In our analysis of common regulatory variation in LIPG, we identified another haplotype with SNPs in the proximal promoter region. Three variants, −1495 T>C (rs9958947), −1429 C>A (rs4245232), and −1309 A>G (rs3829632), identified in the promoter region were in complete LD with each other. A study of HapMap data indicated that three SNPs upstream of the sequenced region (rs4839583, rs6507929, and rs4939875) and SNPs in the second and fifth introns of LIPG (rs2000812 and rs3819166, respectively) are also in high LD with these three promoter SNPs [33]. Because the region encompassed by this haplotype extends far upstream and within the LIPG gene (approximately 34.1 kb from the most 5′ to most 3′ of the variant constituents of the haplotype), it is not possible to assess its full functional impact with a reporter driven by part of the LIPG promoter. Characterization of the effects of single variants of this haplotype on LIPG expression in vitro could lead to erroneous implications about their functional significance, because their aggregate (and potentially synergistic) effects on transcription would be ignored. Therefore, we evaluated the contribution of the combined haplotype by measuring its effect on HDL-C levels and plasma EL concentrations from human subjects. Minor alleles of the haplotype variants were associated with decreased HDL-C in the FHS and GLGC GWAS studies, and the minor allele of 1 variant was associated with increased plasma EL. Together, these findings implicate this haplotype in the reduction of human HDL-C.

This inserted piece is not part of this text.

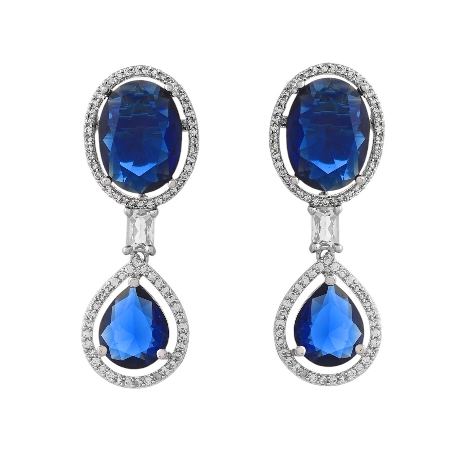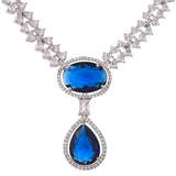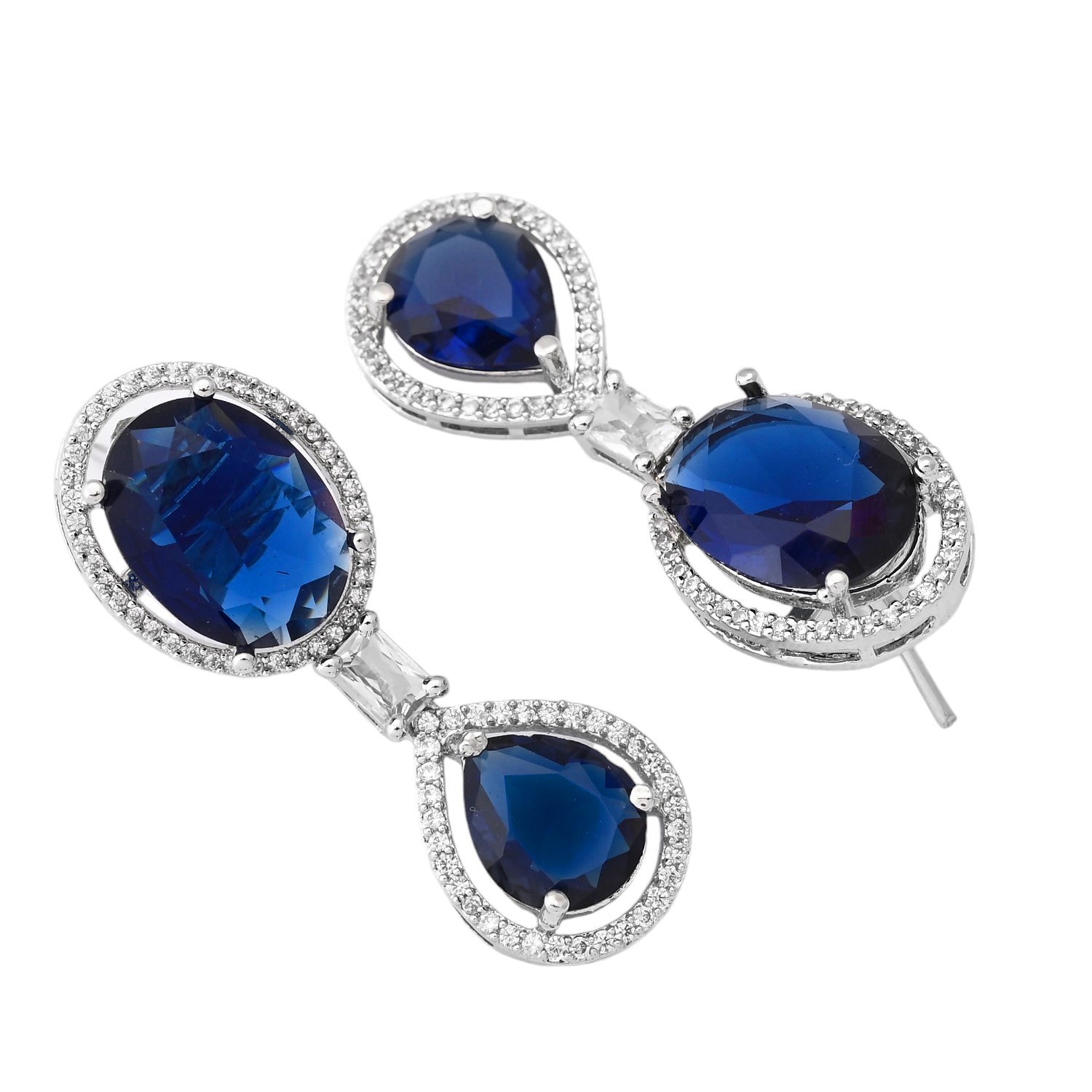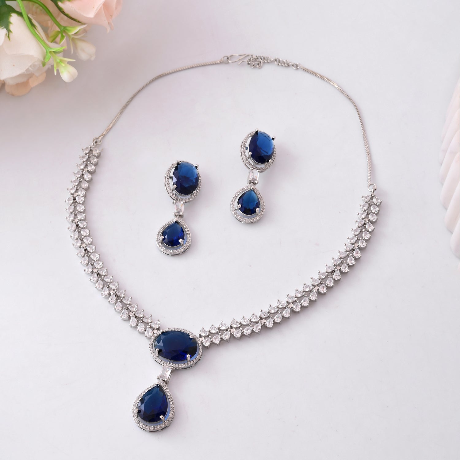 Elevate your festive attire with the exquisite Voylla American Diamond Necklace Set. This stunning necklace set for women features a luxurious design crafted from high-quality brass and adorned with sparkling cubic zirconia stones. The rhodium plating adds a touch of elegance and durability, ensuring this piece remains a cherished part of your jewelry collection. The necklace showcases a beautiful arrangement of shimmering stones, culminating in two striking blue gemstones that add a pop of color and sophistication. Perfect for Navratri, Diwali, Durga Puja, Rakhi, and other festive occasions, this necklace set makes an ideal gift for your wife, sister, girlfriend, mother, or friend. Celebrate the special moments with this dazzling American Diamond necklace set from Voylla.

Association of minor alleles of the −1309 A>G, rs4939883, and rs2156552 variants with decreased HDL-C (P = 0.0002, 2.28×10−7, and 1.08×10−8, respectively) in the FHS was supported by a similar association with decreases in the HDL subphenotypes HDL2 and HDL3. A recent GWAS of 17 nonconventional, NMR-assessed lipoprotein measures also identified association of the rs4938993 variant with apoA-I and large HDL particles under both fasting and nonfasting conditions [56]. Together, these results demonstrate the reproducibility of such measurements in association studies. Future lipid genetic association studies using nonstandard measurements may provide additional insights beyond aggregate lipoprotein measures.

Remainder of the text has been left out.